▶ **WHAT YOU NEED TO DO**:
Word for word, return the entries listed below.

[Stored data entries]

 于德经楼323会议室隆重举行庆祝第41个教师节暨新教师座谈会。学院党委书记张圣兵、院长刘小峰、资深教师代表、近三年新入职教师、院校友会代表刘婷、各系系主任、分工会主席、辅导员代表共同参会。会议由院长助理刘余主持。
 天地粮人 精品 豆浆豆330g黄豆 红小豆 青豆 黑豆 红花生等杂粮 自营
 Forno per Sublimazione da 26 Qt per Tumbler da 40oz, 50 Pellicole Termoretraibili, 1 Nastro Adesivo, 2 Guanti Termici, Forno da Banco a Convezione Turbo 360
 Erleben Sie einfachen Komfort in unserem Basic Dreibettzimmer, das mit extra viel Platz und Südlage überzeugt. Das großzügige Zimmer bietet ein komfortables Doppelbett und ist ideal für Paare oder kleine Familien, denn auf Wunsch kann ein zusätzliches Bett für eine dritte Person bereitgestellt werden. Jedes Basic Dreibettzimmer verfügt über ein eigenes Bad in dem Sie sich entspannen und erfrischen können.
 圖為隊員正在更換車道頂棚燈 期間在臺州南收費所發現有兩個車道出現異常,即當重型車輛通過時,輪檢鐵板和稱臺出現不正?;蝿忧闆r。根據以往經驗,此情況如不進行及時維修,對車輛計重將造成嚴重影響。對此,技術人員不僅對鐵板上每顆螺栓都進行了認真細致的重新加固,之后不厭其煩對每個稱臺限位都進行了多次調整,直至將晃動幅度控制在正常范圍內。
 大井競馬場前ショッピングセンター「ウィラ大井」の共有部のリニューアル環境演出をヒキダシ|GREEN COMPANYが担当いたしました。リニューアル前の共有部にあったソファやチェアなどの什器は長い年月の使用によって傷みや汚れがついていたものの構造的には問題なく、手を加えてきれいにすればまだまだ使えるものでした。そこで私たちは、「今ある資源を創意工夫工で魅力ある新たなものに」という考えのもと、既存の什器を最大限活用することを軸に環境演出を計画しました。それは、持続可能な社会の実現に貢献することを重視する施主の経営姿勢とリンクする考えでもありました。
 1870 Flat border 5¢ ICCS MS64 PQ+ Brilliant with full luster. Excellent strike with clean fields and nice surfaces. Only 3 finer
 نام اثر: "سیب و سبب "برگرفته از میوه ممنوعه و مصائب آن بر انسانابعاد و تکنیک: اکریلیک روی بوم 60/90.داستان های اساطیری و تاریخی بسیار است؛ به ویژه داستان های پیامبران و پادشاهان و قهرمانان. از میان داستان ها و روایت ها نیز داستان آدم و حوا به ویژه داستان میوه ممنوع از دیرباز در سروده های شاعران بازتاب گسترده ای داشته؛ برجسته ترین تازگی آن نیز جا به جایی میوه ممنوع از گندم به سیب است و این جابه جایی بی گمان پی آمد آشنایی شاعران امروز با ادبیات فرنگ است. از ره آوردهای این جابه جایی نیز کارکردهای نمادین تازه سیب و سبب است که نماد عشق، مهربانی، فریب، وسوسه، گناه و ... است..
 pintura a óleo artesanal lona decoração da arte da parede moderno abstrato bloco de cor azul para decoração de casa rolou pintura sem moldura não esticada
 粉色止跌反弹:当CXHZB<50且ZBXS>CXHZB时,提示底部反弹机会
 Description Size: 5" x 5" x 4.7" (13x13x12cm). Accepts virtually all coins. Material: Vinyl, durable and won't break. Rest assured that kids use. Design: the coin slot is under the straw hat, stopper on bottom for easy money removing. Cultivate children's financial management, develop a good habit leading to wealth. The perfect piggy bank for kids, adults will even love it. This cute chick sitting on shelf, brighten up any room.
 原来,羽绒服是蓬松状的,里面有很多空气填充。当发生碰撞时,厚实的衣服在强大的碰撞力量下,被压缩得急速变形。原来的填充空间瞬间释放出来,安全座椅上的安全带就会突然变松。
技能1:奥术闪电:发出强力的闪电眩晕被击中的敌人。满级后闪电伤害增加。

▶ **REPLY TO THE TASK**:
 于德经楼323会议室隆重举行庆祝第41个教师节暨新教师座谈会。学院党委书记张圣兵、院长刘小峰、资深教师代表、近三年新入职教师、院校友会代表刘婷、各系系主任、分工会主席、辅导员代表共同参会。会议由院长助理刘余主持。
 天地粮人 精品 豆浆豆330g黄豆 红小豆 青豆 黑豆 红花生等杂粮 自营
 Forno per Sublimazione da 26 Qt per Tumbler da 40oz, 50 Pellicole Termoretraibili, 1 Nastro Adesivo, 2 Guanti Termici, Forno da Banco a Convezione Turbo 360
 Erleben Sie einfachen Komfort in unserem Basic Dreibettzimmer, das mit extra viel Platz und Südlage überzeugt. Das großzügige Zimmer bietet ein komfortables Doppelbett und ist ideal für Paare oder kleine Familien, denn auf Wunsch kann ein zusätzliches Bett für eine dritte Person bereitgestellt werden. Jedes Basic Dreibettzimmer verfügt über ein eigenes Bad in dem Sie sich entspannen und erfrischen können.
 圖為隊員正在更換車道頂棚燈 期間在臺州南收費所發現有兩個車道出現異常,即當重型車輛通過時,輪檢鐵板和稱臺出現不正?;蝿忧闆r。根據以往經驗,此情況如不進行及時維修,對車輛計重將造成嚴重影響。對此,技術人員不僅對鐵板上每顆螺栓都進行了認真細致的重新加固,之后不厭其煩對每個稱臺限位都進行了多次調整,直至將晃動幅度控制在正常范圍內。
 大井競馬場前ショッピングセンター「ウィラ大井」の共有部のリニューアル環境演出をヒキダシ|GREEN COMPANYが担当いたしました。リニューアル前の共有部にあったソファやチェアなどの什器は長い年月の使用によって傷みや汚れがついていたものの構造的には問題なく、手を加えてきれいにすればまだまだ使えるものでした。そこで私たちは、「今ある資源を創意工夫工で魅力ある新たなものに」という考えのもと、既存の什器を最大限活用することを軸に環境演出を計画しました。それは、持続可能な社会の実現に貢献することを重視する施主の経営姿勢とリンクする考えでもありました。
 1870 Flat border 5¢ ICCS MS64 PQ+ Brilliant with full luster. Excellent strike with clean fields and nice surfaces. Only 3 finer
 نام اثر: "سیب و سبب "برگرفته از میوه ممنوعه و مصائب آن بر انسانابعاد و تکنیک: اکریلیک روی بوم 60/90.داستان های اساطیری و تاریخی بسیار است؛ به ویژه داستان های پیامبران و پادشاهان و قهرمانان. از میان داستان ها و روایت ها نیز داستان آدم و حوا به ویژه داستان میوه ممنوع از دیرباز در سروده های شاعران بازتاب گسترده ای داشته؛ برجسته ترین تازگی آن نیز جا به جایی میوه ممنوع از گندم به سیب است و این جابه جایی بی گمان پی آمد آشنایی شاعران امروز با ادبیات فرنگ است. از ره آوردهای این جابه جایی نیز کارکردهای نمادین تازه سیب و سبب است که نماد عشق، مهربانی، فریب، وسوسه، گناه و ... است..
 pintura a óleo artesanal lona decoração da arte da parede moderno abstrato bloco de cor azul para decoração de casa rolou pintura sem moldura não esticada
 粉色止跌反弹:当CXHZB<50且ZBXS>CXHZB时,提示底部反弹机会
 Description Size: 5" x 5" x 4.7" (13x13x12cm). Accepts virtually all coins. Material: Vinyl, durable and won't break. Rest assured that kids use. Design: the coin slot is under the straw hat, stopper on bottom for easy money removing. Cultivate children's financial management, develop a good habit leading to wealth. The perfect piggy bank for kids, adults will even love it. This cute chick sitting on shelf, brighten up any room.
 原来,羽绒服是蓬松状的,里面有很多空气填充。当发生碰撞时,厚实的衣服在强大的碰撞力量下,被压缩得急速变形。原来的填充空间瞬间释放出来,安全座椅上的安全带就会突然变松。
技能1:奥术闪电:发出强力的闪电眩晕被击中的敌人。满级后闪电伤害增加。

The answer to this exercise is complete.